[proofplan]
We show the set $\{e_i \otimes f_j\}$ is a basis for $V \otimes_k W$ by verifying two properties: spanning and linear independence. The spanning property follows from bilinearity of the tensor product, which reduces every elementary tensor $v \otimes w$ to a linear combination of $e_i \otimes f_j$, and then extends to all of $V \otimes_k W$ by linearity. Linear independence is established by constructing, for each pair $(i_0, j_0)$, a bilinear form whose induced linear functional on $V \otimes_k W$ vanishes on every $e_i \otimes f_j$ except $e_{i_0} \otimes f_{j_0}$.
[/proofplan]
[step:Reduce every element of $V \otimes_k W$ to a linear combination of $e_i \otimes f_j$]
By the [universal property of the tensor product](/theorems/???), every element of $V \otimes_k W$ is a finite sum of elementary tensors $v \otimes w$ with $v \in V$, $w \in W$. Fix such an elementary tensor. Since $\{e_1, \ldots, e_m\}$ is a basis for $V$ and $\{f_1, \ldots, f_n\}$ is a basis for $W$, write
\begin{align*}
v = \sum_{i=1}^m a_i e_i, \qquad w = \sum_{j=1}^n b_j f_j,
\end{align*}
with $a_i, b_j \in k$. Bilinearity of the tensor product gives
\begin{align*}
v \otimes w = \left(\sum_{i=1}^m a_i e_i\right) \otimes \left(\sum_{j=1}^n b_j f_j\right) = \sum_{i=1}^m \sum_{j=1}^n a_i b_j \, (e_i \otimes f_j).
\end{align*}
Since every element of $V \otimes_k W$ is a finite sum of elementary tensors, and each elementary tensor is a linear combination of $\{e_i \otimes f_j\}$, the set $\{e_i \otimes f_j : 1 \le i \le m, 1 \le j \le n\}$ spans $V \otimes_k W$.
[guided]
We need to show that $\{e_i \otimes f_j\}$ spans $V \otimes_k W$. By the [universal property of the tensor product](/theorems/???), every element of $V \otimes_k W$ is a finite sum of elementary tensors $v \otimes w$. So it suffices to show that each elementary tensor $v \otimes w$ lies in $\operatorname{span}\{e_i \otimes f_j\}$.
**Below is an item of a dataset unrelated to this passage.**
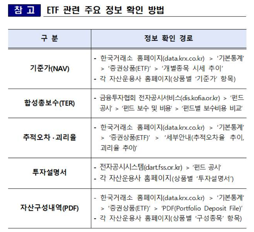 이외에도 실시간 공시되는 ETF의 자산구성내역을 통해 편입종목·투자비중 등을 확인해야 하며 유튜브 등 SNS에서 핀플루언서(금융+인플루언서) ETF 추천영상이나 추천글을 맹신해선 안 된다고 당부했습니다.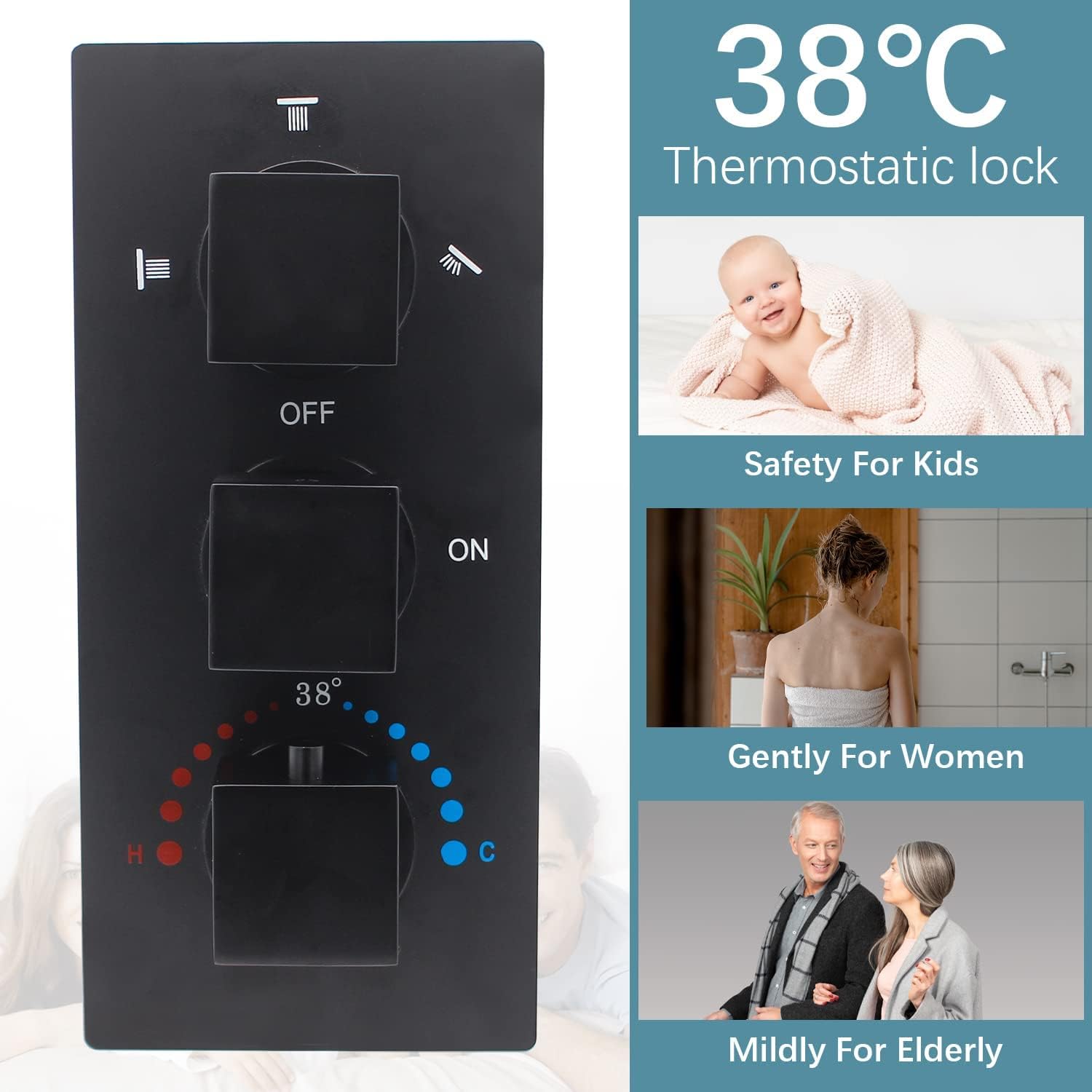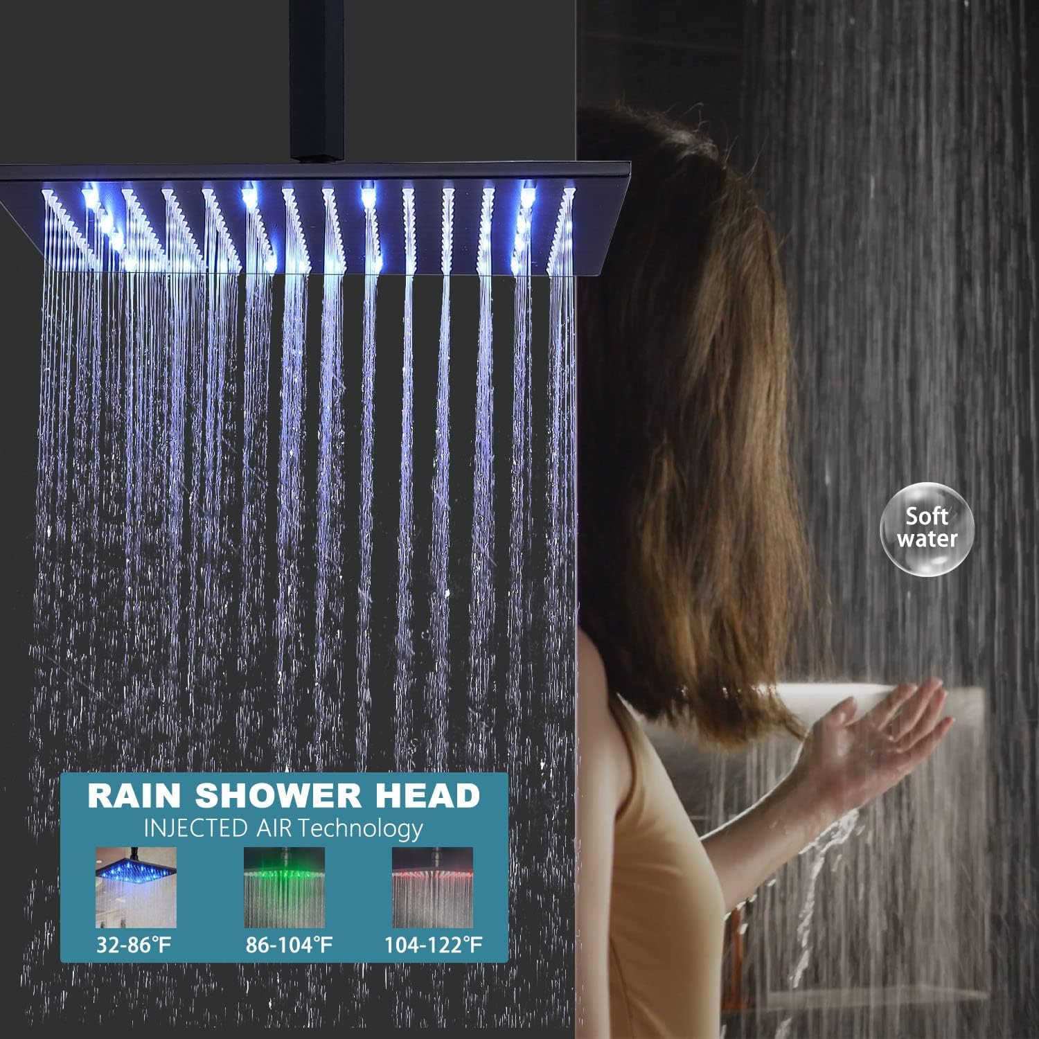 - LED’s unique design, the color will change with the temperature,*Blue 0-30C (32-86°F), *Green 30-40C (86-104°F), *Red 40-50C (104 -122°F), *Flashing Red 50℃-100℃. You will have a fantastic shower experience.

Fix $v \in V$ and $w \in W$. Since $\{e_1, \ldots, e_m\}$ is a basis for $V$ and $\{f_1, \ldots, f_n\}$ is a basis for $W$, there exist unique scalars $a_i, b_j \in k$ with
\begin{align*}
v = \sum_{i=1}^m a_i e_i, \qquad w = \sum_{j=1}^n b_j f_j.
\end{align*}
The tensor product is bilinear: it is linear in each factor when the other is held fixed. Applying linearity in the first factor (with $w$ fixed), then linearity in the second factor (with each $e_i$ fixed):
\begin{align*}
v \otimes w = \left(\sum_{i=1}^m a_i e_i\right) \otimes w = \sum_{i=1}^m a_i\, (e_i \otimes w) = \sum_{i=1}^m a_i \left(e_i \otimes \sum_{j=1}^n b_j f_j\right) = \sum_{i=1}^m \sum_{j=1}^n a_i b_j\, (e_i \otimes f_j).
\end{align*}
Every elementary tensor is therefore a linear combination of the $mn$ elements $e_i \otimes f_j$, and since every element of $V \otimes_k W$ is a finite sum of elementary tensors, the set $\{e_i \otimes f_j\}$ spans $V \otimes_k W$.
[/guided]
[/step]
[step:Construct coordinate functionals on $V \otimes_k W$ via the universal property]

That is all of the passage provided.